Pandas-via-psql (ppsqlviz) is a command line visualization utility for SQL using Pandas library in Python. Please visit the GitHub page ppsqlviz for a complete tutorial.
Pandas is a popular library in Python that is commonly used for data analysis and it provides Python equivalent of the R dataframe that is fundamental to data analysis. Some engineers and data scientists however are increasingly adopting SQL based libraries for building large scale machine learning algorithms. MADlib is one such library for scalable, parallel, in-database machine learning.
While there are commercial tools to visualize data that reside in databases (example: Tableau), often what's missing in a Big Data scientist's arsenal is a command line tool to be able to quickly visualize the output of a SQL query, without having to switch to a commercial tool or have to use a wrapper to a SQL engine. The pandas_via_psql (ppsqlviz) will show you how simple it is to redirect the output of a SQL query to some boilerplate Pandas's plotting functions, to quickly visualize the data from the command line.
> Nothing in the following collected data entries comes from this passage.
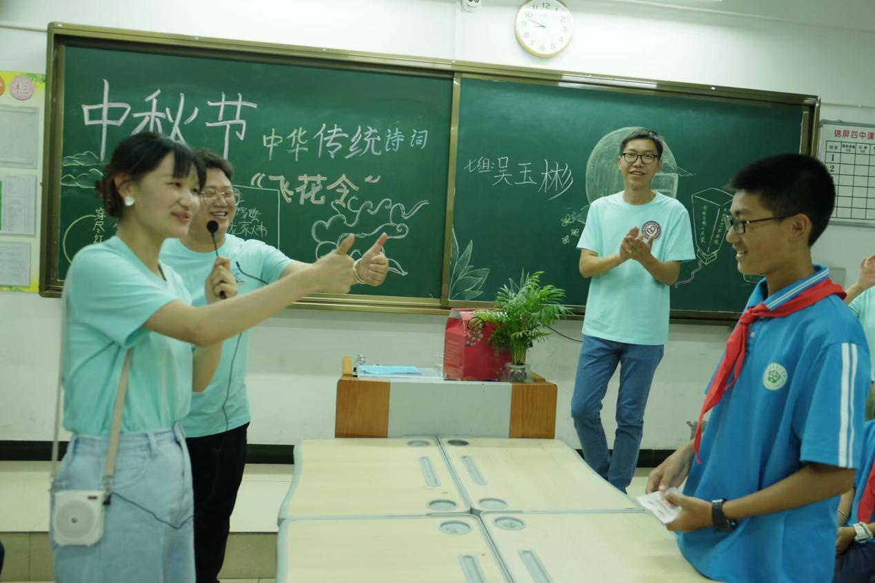 据悉,我校第24届研究生支教团锦屏支队全员策划本次吟诵鉴赏中华经典诗文之“飞花令”活动,是锦屏县第四中学首次开展的特色中秋节主题班级活动。本次妙趣横生的活动让同学们充满期待,轻松愉悦的活动氛围让同学们在放松心情的同时品读我国优秀的中华经典诗词文化。希望此次飞花令活动能让学生在学习之余感受到诗词的快乐,更加健康茁壮成长!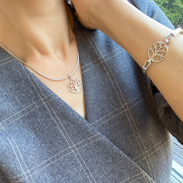 19cm silver life's tree bracelet with a 3cm extender. Available in silver and in a black rhodium or yellow gold finish Designed and manufactured in Denmark by San.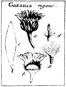 - ^ a b c "Aluka - Entry for Gazania Gaertn. [family COMPOSITAE]". Archived from the original on 2013-08-01. Retrieved 2008-04-11.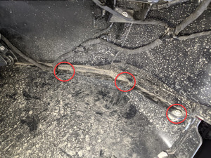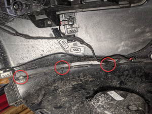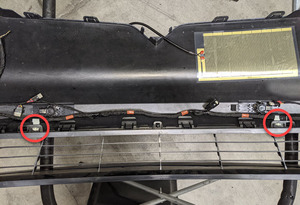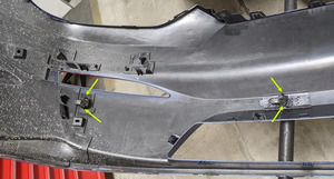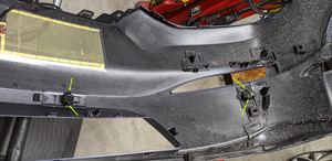 拆下用于将左右侧下部裙板固定到前饰板总成上的螺栓(2 个)和推拉式夹(4 个)。

ppsqlviz depends on the Pandas python library. You should also have PSQL or a similar SQL command line interface to connect to your database and also ensure that you have password-less access to your remote database (set up SSH keys appropriately).
I recommend you download Anaconda Python from the nice folks at Continuum Analytics. It's got most of the essential Python scientific computing libraries pre-packaged and with conda you can save a lot of pain in installing python libraries. It also makes creating and managing virtual environments a piece of cake!
You can install install ppsqlviz through pip
pip install ppsqlviz
This will install the dependent library (Pandas) if you don't already have that. I strongly encourage you use Anaconda Python to avoid going down the rabbit hole of PyData stack dependency nightmares.
For this demo, I'm using two publicly available datasets.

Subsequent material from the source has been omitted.